That is to say, the U-shaped spring part 102 is compressed and bent by the load P2 in the cross-direction. Thus, the U-shaped spring part 102 acts in a typical manner in that it is restored to its original state by a release of the load. Additionally, since the conventional contact spring piece A2, shown in FIGS. 10, 11(a) and 11(b), is not provided with the equivalent of the flexible spring part 8 of the present invention as shown in FIGS. 5, 6, 7, and 8(a)-(d), a flexible action does not occur when the object 109 moves downwardly toward the angled contact part 103 so as to frictionally contact the angled contact part 103. Consequently, metal fatigue, caused by frequent application and release of the load P2 on the relatively short span of the U-shaped spring part 102, is entirely concentrated on the U-shaped spring part 102 at a top thereof, so that the U-shaped spring part has the drawback of often breaking in short-term service.
Furthermore, when the required load (i.e., the contact pressure of the angled contact part 103 and the object 109) is adjusted by adjusting the width (thickness) of the plate piece of the U-shaped spring part 102, the load increases sharply by enlarging slightly the width (thickness) because the span between the upper end of the fixed upright mounting plate part 101 and the angled contact part 103 is short. Conversely, the load decreases sharply by diminishing slightly, thereby arising difficulty in adjustment. And, the width (thickness) of the U-shaped spring part 102 with a proper load obtained is extremely poor in durability. Accordingly, solutions to these problems are desirable.

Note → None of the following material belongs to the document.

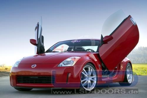 Kompletní systém vertikálního otevírání dveří LSD (Lambo Style Doors) pro Nissan 350Z typ Z33, rok výroby 10/03-, včetně Cabrio. Originální systém od německého výrobce KW Automotive. Jednoduchá montáž na originální úchyty pantů dveří bez nutnosti zásadních zásahů do karoserie vozu. Kompletní dodávka včetně montážního příslušenství. Bezpečný systém testovaný crash testy. Homologace TÜV.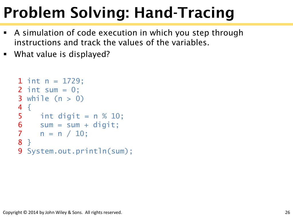 A simulation of code execution in which you step through instructions and track the values of the variables. What value is displayed? 1intn = 1729; 2intsum = 0; 3 while (n > 0) 4 { 5int digit = n % 10; 6sum = sum + digit; 7n = n / 10; 8 } 9System.out.println(sum); Problem Solving: Hand-Tracing

The present invention improves the durability of the contact spring piece and solves the above-mentioned problems of the prior art contact spring pieces by providing a flexible spring part, being made of a plate spring piece and having predetermined dimensions, between the upright mounting plate part of the contact spring piece and the U-shaped spring part of the contact spring piece. The contact spring piece of the present invention, which is made of a plate spring piece, has performance superior to a contact spring piece made of wire, because the span between the upright mounting plate part and the angled contact part is lengthened and because the flexible spring part is provided so as to flex under the load of the contact pressure created when the object contacts the angled contact part.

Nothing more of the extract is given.